The most common genetic cause of A1AT deficiency is mutations in the SERPINA1 gene, which result in a degraded or non-functional protein entering the circulation, or in an insufficient protein amount. PI-M variations are not associated with A1AT deficiency. The two most common mutations causing this pathology are PI-S and PI-Z.
Several variants (alleles) of the disease-causing gene are possible; the M allele does not cause A1AT deficiency because it is responsible for normal protein production. Usually, people have two copies of this M allele (MM). There may also be other variations of the SERPINA1 gene. For example, the S allele produces an average quantity of this protein, while the Z allele produces very low levels. If an individual has two copies of the Z allele (ZZ) in every cell, they are more likely to have an A1AT deficiency. Those with the SZ or MZ allele combination have a significantly increased risk of developing a disease caused by A1AT deficiency. If the combination of alleles is MS, SS, or MM, the amount of protein is usually optimal or sufficient.
Frequency: about 1:3000–1:5000
Type of heredity: autosomal codominant
Purpose of testing: Identify the two most common mutations in the SERPINA1 gene (PI-S and PI-Z) as well as the presence of other clinically relevant mutations in the genome in patients with clinically reasonable suspicion of A1AT deficiency.
For whom is this test recommended?
The test is recommended for those with serologically reduced A1AT levels, to determine the status of mutations.
- WHO recommends serological testing of all individuals with chronic obstructive pulmonary disease (COPD), as well as adults and adolescents with asthma.
- If there are clinical signs of A1AT deficiency: emphysema in the 3rd or 4th decade, emphysema in a non-smoker, family history of emphysema, lower lung emphysema (X-ray), adult-onset asthma, frequent bronchitis.
- Serological testing is recommended for patients with chronic, recurrent respiratory symptoms (dyspnoea, cough, etc.).
If a reduced serum amount of A1AT is found, genetic testing is recommended.

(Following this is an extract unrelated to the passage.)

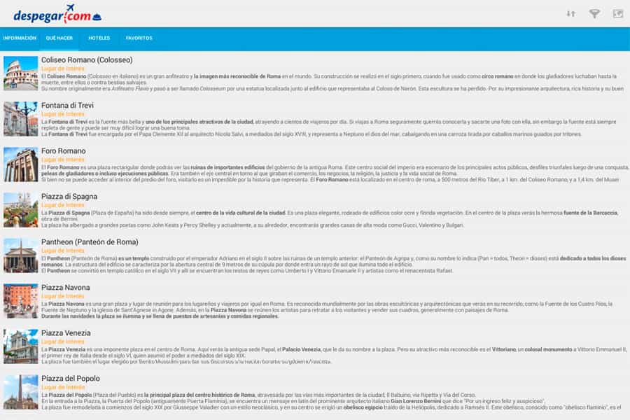 1. Guía turística - Despegar.com: por más que hayas visto mapas, videos o fotografías para definir tus destinos imperdibles, descargar esta guía en tu móvil te será de gran utilidad. A través de ella podrás leer una breve historia de Roma, revisar algunas sugerencias de visitas, conocer modalidades de transporte, etcétera.

Recommendations for PI-SZ and PI-ZZ genotype carriers:
Vaccinate against influenza and pneumococci to protect the lungs from further damage.
Seek immediate medical attention when developing symptoms of a cold because the treatment has to be rather aggressive.
Avoid smoking (both active and passive), corrosive gases, dust, pollution.
Have regular physical activities.
Undergo liver examinations.
If necessary, A1AT substitution intravenously.
Notes:
Other, very rare mutations in the SERPINA1 gene that cause A1AT deficiency are also possible; they cannot be detected by this test.
In very rare cases, a false negative result is possible due to the possibility of mutations at the site of oligonucleotide (PCR primer) binding.